■ Record excerpts ■
........
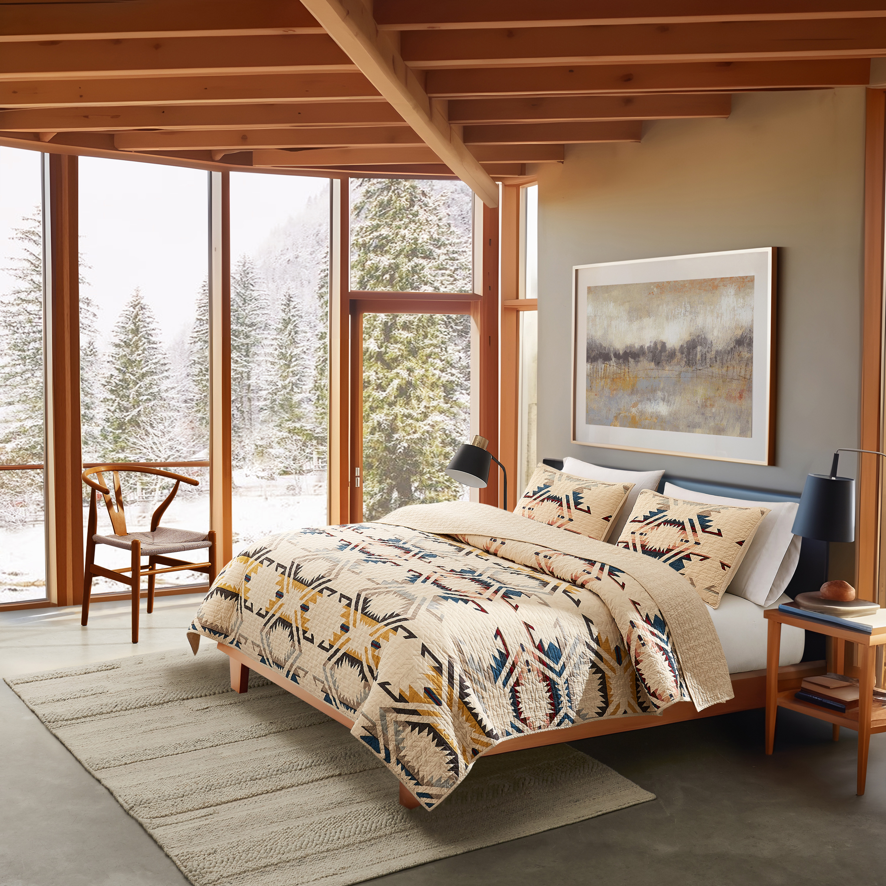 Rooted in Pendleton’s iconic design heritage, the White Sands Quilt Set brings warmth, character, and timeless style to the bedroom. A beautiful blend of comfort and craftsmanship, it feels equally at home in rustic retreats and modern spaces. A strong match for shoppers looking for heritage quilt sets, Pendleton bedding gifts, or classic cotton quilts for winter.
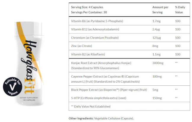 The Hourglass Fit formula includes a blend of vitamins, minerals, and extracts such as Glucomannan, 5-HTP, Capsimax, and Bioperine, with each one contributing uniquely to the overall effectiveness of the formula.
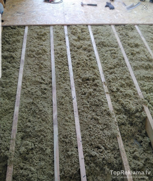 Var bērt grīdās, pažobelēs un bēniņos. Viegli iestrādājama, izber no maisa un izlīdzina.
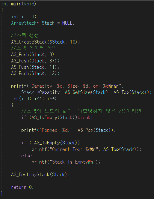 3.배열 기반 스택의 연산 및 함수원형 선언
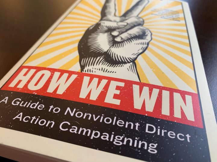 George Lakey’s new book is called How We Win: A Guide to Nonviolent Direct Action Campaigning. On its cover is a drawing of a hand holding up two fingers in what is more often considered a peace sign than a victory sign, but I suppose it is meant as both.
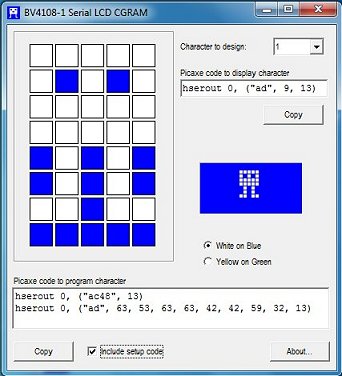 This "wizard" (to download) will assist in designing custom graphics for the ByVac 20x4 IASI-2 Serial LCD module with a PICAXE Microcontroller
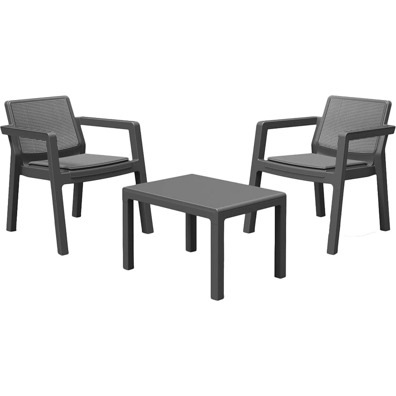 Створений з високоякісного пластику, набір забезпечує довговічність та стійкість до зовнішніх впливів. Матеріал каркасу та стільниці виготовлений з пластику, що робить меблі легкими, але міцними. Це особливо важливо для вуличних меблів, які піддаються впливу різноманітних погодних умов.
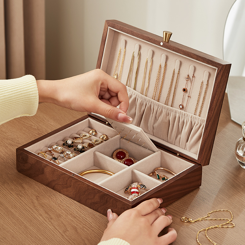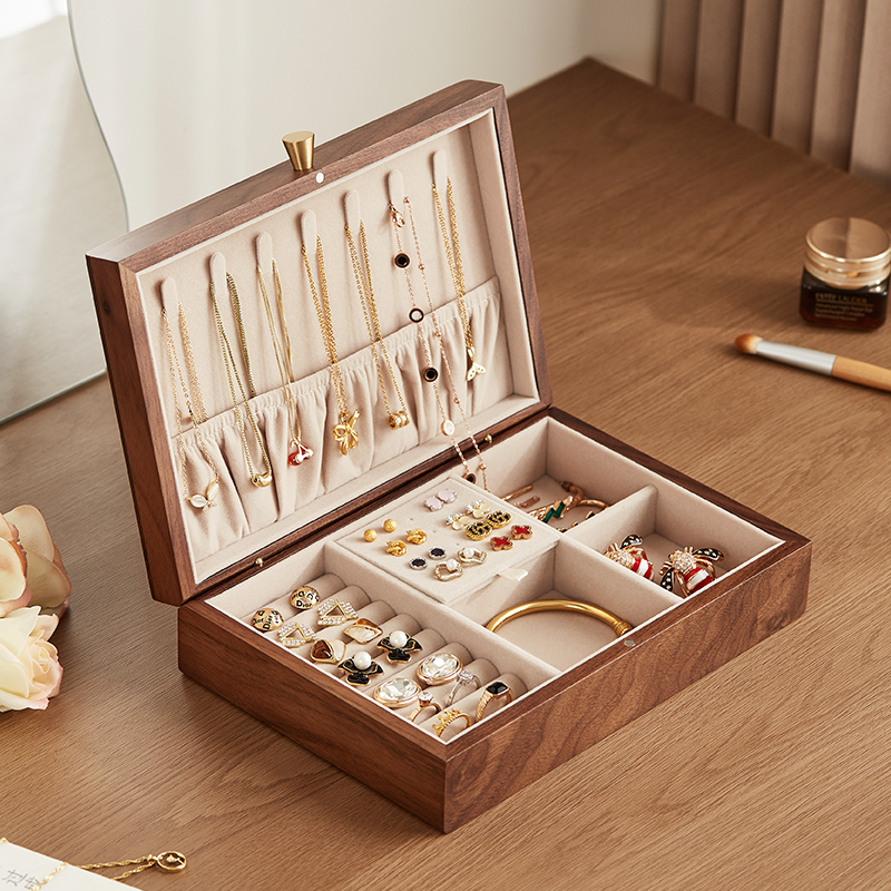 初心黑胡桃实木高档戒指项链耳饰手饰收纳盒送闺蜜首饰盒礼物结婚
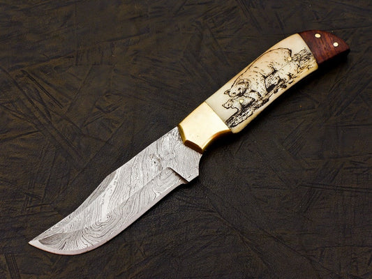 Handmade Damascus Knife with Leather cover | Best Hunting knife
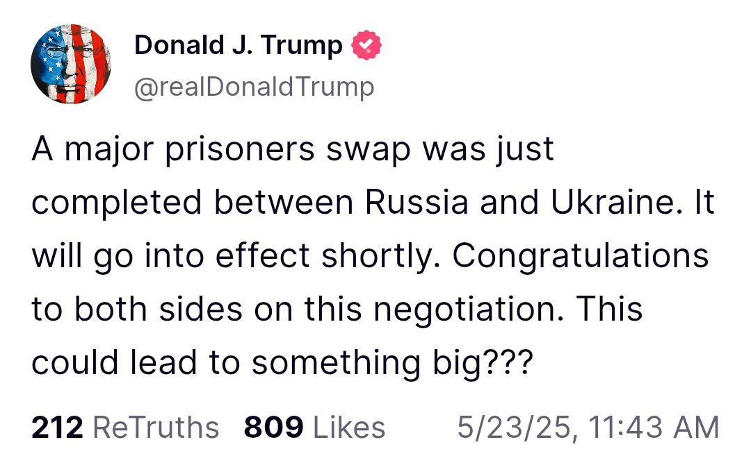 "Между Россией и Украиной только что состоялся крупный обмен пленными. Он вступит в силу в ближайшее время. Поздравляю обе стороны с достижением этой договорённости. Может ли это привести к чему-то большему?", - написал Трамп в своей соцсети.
........
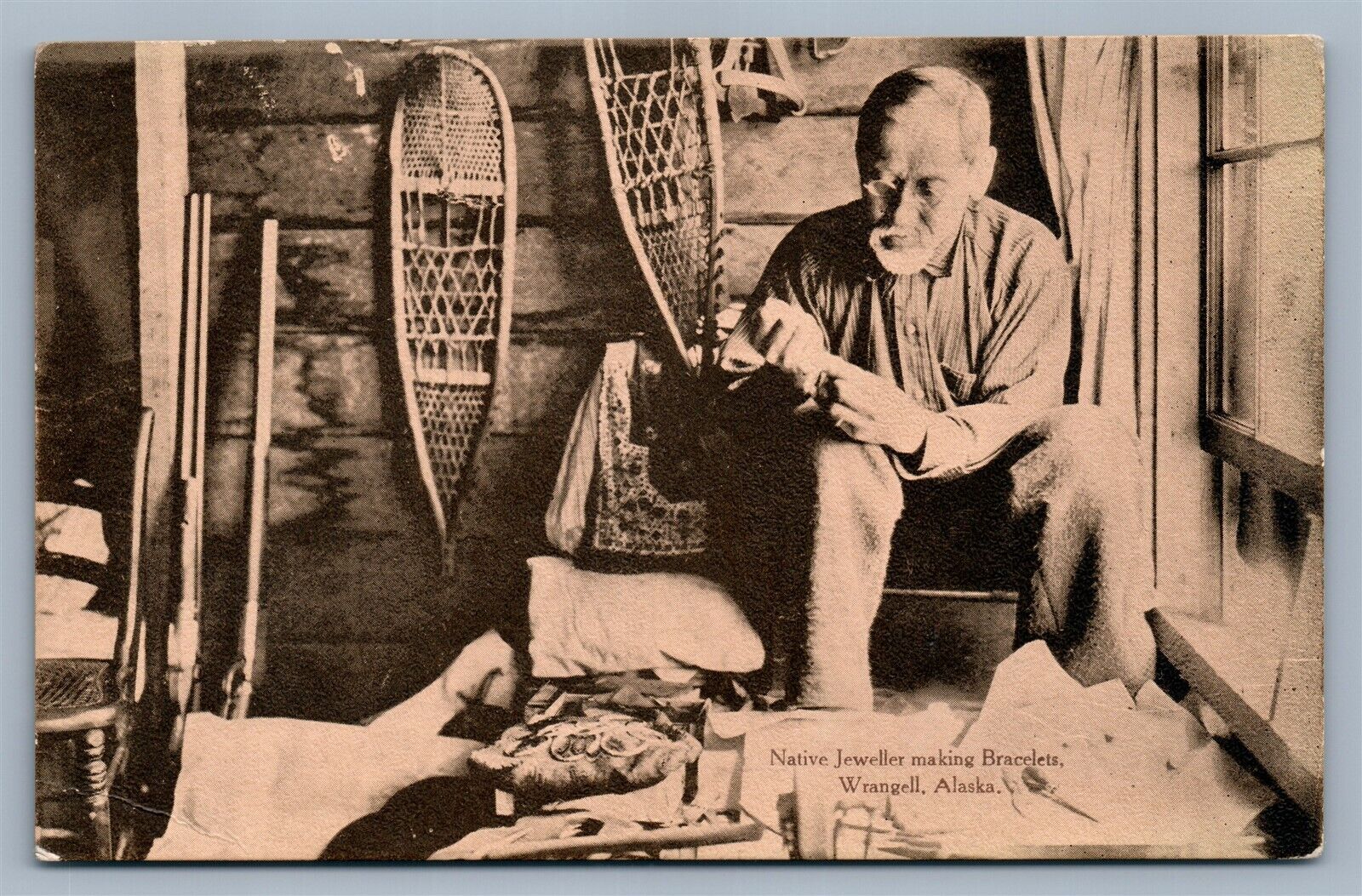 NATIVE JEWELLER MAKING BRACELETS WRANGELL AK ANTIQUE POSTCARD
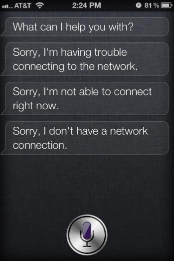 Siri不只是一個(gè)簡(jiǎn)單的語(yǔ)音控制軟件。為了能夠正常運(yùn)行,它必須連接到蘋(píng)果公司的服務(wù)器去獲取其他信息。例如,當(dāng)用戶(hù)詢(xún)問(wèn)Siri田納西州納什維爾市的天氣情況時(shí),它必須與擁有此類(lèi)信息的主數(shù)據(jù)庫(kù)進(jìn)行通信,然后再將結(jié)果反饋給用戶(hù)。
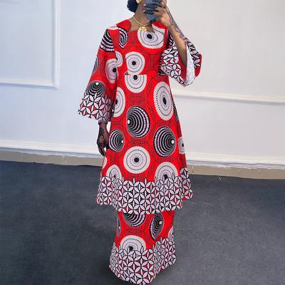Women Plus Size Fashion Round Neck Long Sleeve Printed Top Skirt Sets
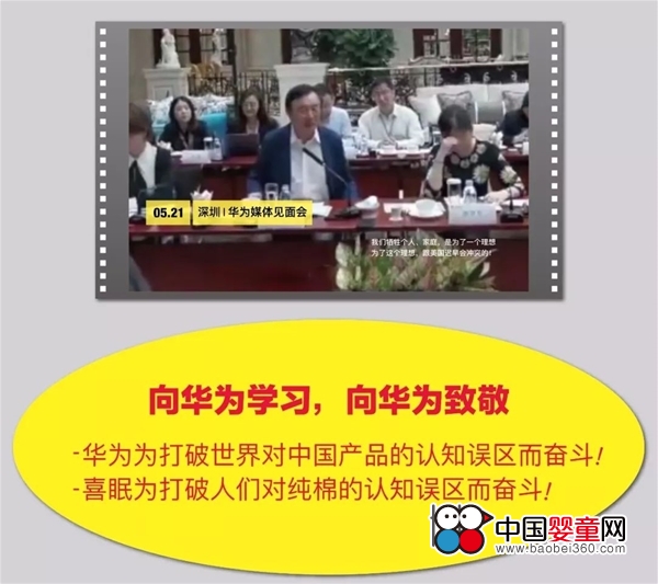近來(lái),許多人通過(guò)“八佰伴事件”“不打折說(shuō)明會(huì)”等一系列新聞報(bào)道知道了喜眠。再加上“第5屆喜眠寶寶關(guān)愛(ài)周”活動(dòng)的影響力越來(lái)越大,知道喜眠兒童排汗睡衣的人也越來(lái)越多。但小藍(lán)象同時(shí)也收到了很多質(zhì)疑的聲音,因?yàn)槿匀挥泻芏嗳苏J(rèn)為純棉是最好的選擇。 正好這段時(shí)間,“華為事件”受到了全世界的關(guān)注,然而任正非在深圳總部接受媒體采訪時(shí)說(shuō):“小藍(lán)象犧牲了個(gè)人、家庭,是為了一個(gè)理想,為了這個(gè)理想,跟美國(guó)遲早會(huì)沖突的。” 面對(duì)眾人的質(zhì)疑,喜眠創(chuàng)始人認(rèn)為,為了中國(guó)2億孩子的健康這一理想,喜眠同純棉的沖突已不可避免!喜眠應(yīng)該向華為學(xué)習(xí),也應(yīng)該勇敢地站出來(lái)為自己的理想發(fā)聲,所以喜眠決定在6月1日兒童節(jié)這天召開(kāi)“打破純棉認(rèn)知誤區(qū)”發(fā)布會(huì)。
........
■ Exercise ■
Return the stretch of data that begins with the line showing "a PICAXE Microcontroller" and goes on through the line showing "в своей соцсети.", exactly, with pictures removed.

■ Output of the exercise ■
 This "wizard" (to download) will assist in designing custom graphics for the ByVac 20x4 IASI-2 Serial LCD module with a PICAXE Microcontroller
 Створений з високоякісного пластику, набір забезпечує довговічність та стійкість до зовнішніх впливів. Матеріал каркасу та стільниці виготовлений з пластику, що робить меблі легкими, але міцними. Це особливо важливо для вуличних меблів, які піддаються впливу різноманітних погодних умов.
 初心黑胡桃实木高档戒指项链耳饰手饰收纳盒送闺蜜首饰盒礼物结婚
 Handmade Damascus Knife with Leather cover | Best Hunting knife
 "Между Россией и Украиной только что состоялся крупный обмен пленными. Он вступит в силу в ближайшее время. Поздравляю обе стороны с достижением этой договорённости. Может ли это привести к чему-то большему?", - написал Трамп в своей соцсети.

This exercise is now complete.